(Beginning of Supplied records)

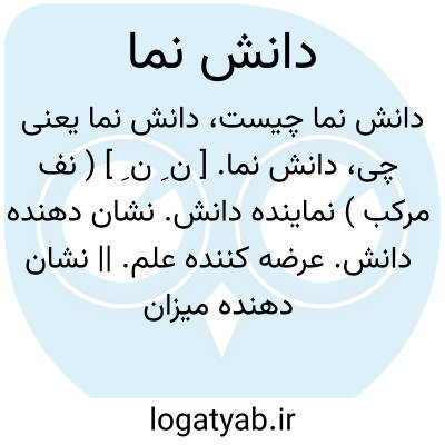 💡 دانش نما در فرهنگ دهخدا به معناهای نمایندهٔ دانش، نشان دهندهٔ دانش، عرضهکنندهٔ علم، نشاندهندهٔ میزان معلومات و اطلاعات آمدهاست.
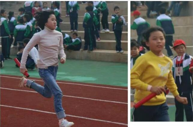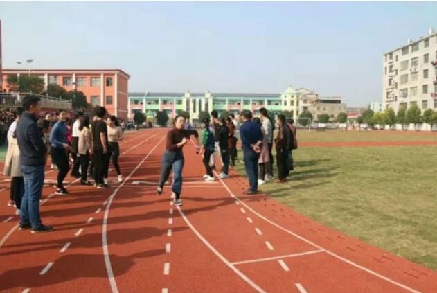 老師們也按捺不住,想在這塑膠跑道上一顯身手!陶老師那是飛毛腿啊,就像一道閃電?疾馳。
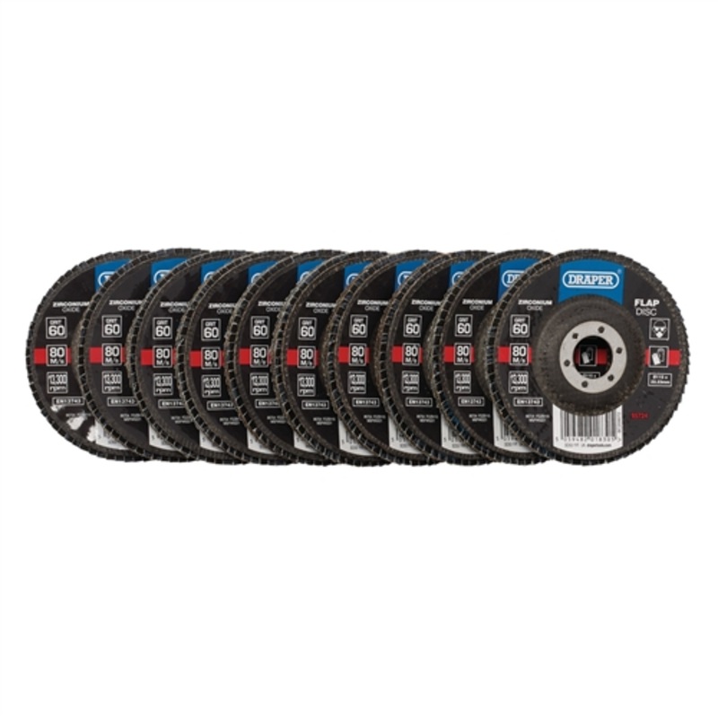 Draper Zirconium Oxide Flap Discs, 115 x 22.23mm, 60 Grit (Pack of 10)
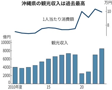 沖縄県が発表した2023年度の観光収入(試算値)は、前年度比21.3%増の8507億円で過去最高となった。これまで最も多かった新型コロナウイルス禍前の18年度(7340億円)と比べて15%超増えた。観光客数が前年度比25%超増の853万人あまりとなり、うち国内客が726万人あまりと過去最多だったことが寄与した。(日経新聞2024.8.23)
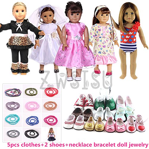 -. Feature : ★ includes white wedding party dress set, cute 1 pieces pajama dress, modest pink dress,Dolphin swim clothes,cool Leopard clothes set random colour necklace bracelet jewelry, and 2 pairs random shoes perfect for any special occasion / ★ Package Include Total 8pcs= 5 Sets Doll Clothes+doll jewelry+2 pairs shoes / ★ Made by ZWSISU® , Leading Doll Clothes & Brain Creative Product Manufacturer. Not affiliated with American Girl®, Reg. Trademark of American Girl, LLC. / ★Luxurious high quality fabrics, machine washable, safety tested / ★Made to fit 18 Inch dolls such as American Girl, Madame Alexander, Our Generation, etc.
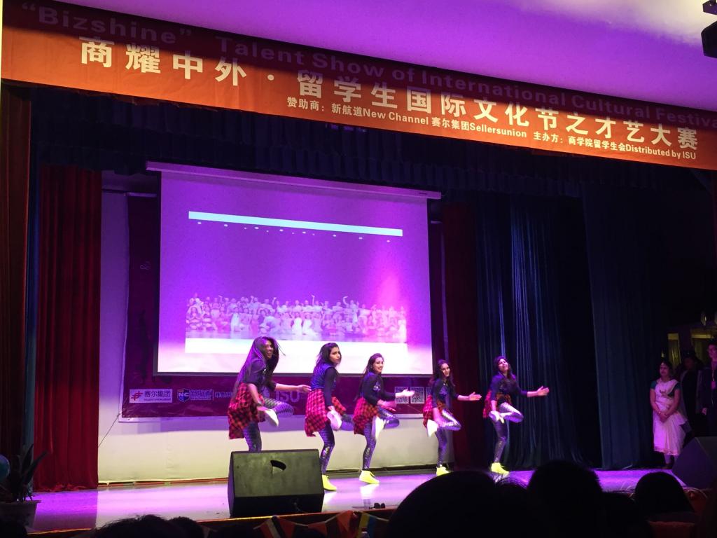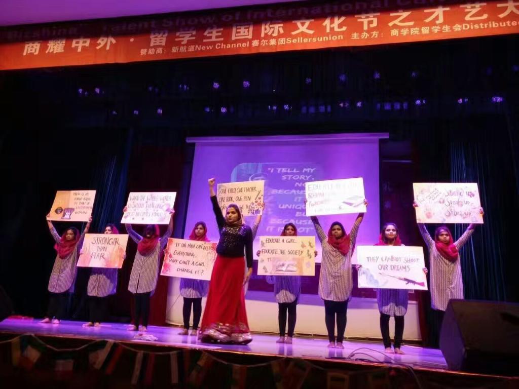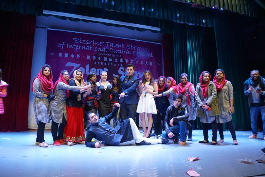 12月17日晚,由91制片厂 留学生会主办的“商耀中外”国际文化节之才艺大赛在锦绣小剧场成功举行。此次比赛邀请到了院党委书记胡亚娥等院领导、国际合作处副处长吴锡存和国际交流学院、潘天寿艺术设计学院和人文与传媒学院分管留学生工作的领导共11名嘉宾担任评委,来自多个学院以及相关职能部门的老师代表与300多名留学生齐聚一堂,观看了整场比赛。

(End of Supplied records)

▸ Your instructions
Pictures aside, restate all of the entries exactly.

▸ Answer section
 💡 دانش نما در فرهنگ دهخدا به معناهای نمایندهٔ دانش، نشان دهندهٔ دانش، عرضهکنندهٔ علم، نشاندهندهٔ میزان معلومات و اطلاعات آمدهاست.
 老師們也按捺不住,想在這塑膠跑道上一顯身手!陶老師那是飛毛腿啊,就像一道閃電?疾馳。
 Draper Zirconium Oxide Flap Discs, 115 x 22.23mm, 60 Grit (Pack of 10)
 沖縄県が発表した2023年度の観光収入(試算値)は、前年度比21.3%増の8507億円で過去最高となった。これまで最も多かった新型コロナウイルス禍前の18年度(7340億円)と比べて15%超増えた。観光客数が前年度比25%超増の853万人あまりとなり、うち国内客が726万人あまりと過去最多だったことが寄与した。(日経新聞2024.8.23)
 -. Feature : ★ includes white wedding party dress set, cute 1 pieces pajama dress, modest pink dress,Dolphin swim clothes,cool Leopard clothes set random colour necklace bracelet jewelry, and 2 pairs random shoes perfect for any special occasion / ★ Package Include Total 8pcs= 5 Sets Doll Clothes+doll jewelry+2 pairs shoes / ★ Made by ZWSISU® , Leading Doll Clothes & Brain Creative Product Manufacturer. Not affiliated with American Girl®, Reg. Trademark of American Girl, LLC. / ★Luxurious high quality fabrics, machine washable, safety tested / ★Made to fit 18 Inch dolls such as American Girl, Madame Alexander, Our Generation, etc.
 12月17日晚,由91制片厂 留学生会主办的“商耀中外”国际文化节之才艺大赛在锦绣小剧场成功举行。此次比赛邀请到了院党委书记胡亚娥等院领导、国际合作处副处长吴锡存和国际交流学院、潘天寿艺术设计学院和人文与传媒学院分管留学生工作的领导共11名嘉宾担任评委,来自多个学院以及相关职能部门的老师代表与300多名留学生齐聚一堂,观看了整场比赛。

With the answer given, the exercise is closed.